Improving NLP in molecular biology
Natural language processing (NLP) techniques have seen a steady rise in complexity and popularity, becoming increasingly important in text-mining applications in data-intensive areas, such as computational biology. Unfortunately, many novel methods, based on neural networks and unsupervised deep learning, require adaptation to be efficiently applied to molecular-biological texts.

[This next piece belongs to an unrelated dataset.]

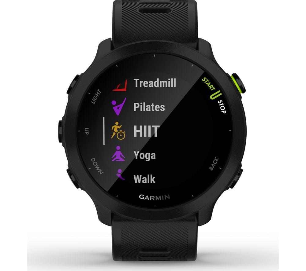 A running coach on your wrist Whether you're training for a 5K or a half marathon, the Garmin Forerunner 55 Running Watch is here to help you reach your goals. View your distance, time, and pace as you run to stay on track. With just five buttons, it's easy to use with no fiddly controls. Mark a lap or skip a song on your workout playlist with a quick press of a button. Is the race fast approaching? Download the Garmin Coach app to receive a personalised training plan that syncs straight to your watch. It adapts to your progress, so if you're exceeding expectations your coach will always keep up to push you further. Health tracking & activity profiles Stay informed about your wellbeing by tracking your heart rate, steps, calories and sleep. When worn 24/7, the collected data estimates your energy reserves, so you can find the most effective time for your workout. And it comes with pre-installed sports apps, including swimming, running, cycling and more - there's something for everyone. Read your texts without your phone Keep your phone somewhere safe when you're out on your morning jog - simply pair the Garmin Forerunner 55 to your smartphone get notified of any incoming calls and texts or to skip tracks on your playlist. For peace of mind, you can choose to share your location with family and friends. Or it can automatically detect incidents and send an alert to your chosen contacts. The display is easy to read too, even in direct sunlight.

Usually, text processing begins with parsing and tokenisation. Most modern parsers break space-separated multi-word terms (aka n-grams or collocations), such as “amino acid” and “New York”, blurring the context information. This loss can be formally defined as KL-divergence between order-sensitive and insensitive contexts of an n-gram. Naïvely tokenising all possible n-grams of a specified length hugely dilutes the token dictionary, hindering downstream machine-learning. Hence it is important to select only the most valuable/informative n-grams, which we tried to achieve using three different methods: 1. word collocation networks and centrality measures (degree, closeness, betweenness and PageRank), 2. the tf-idf statistic, penalising tokens overrepresented in the entire corpus and 3. context approximation, based on Bayesian inference. We limited our study to bigrams.
Another issue affecting dictionary dilution is the abundance of extremely rare terms that can be represented by a single token to facilitate term-embedding. The majority of these terms are various chemical names we identify using an LSTM recurrent neural network, discriminating chemical notation (IUPAC and SMILES).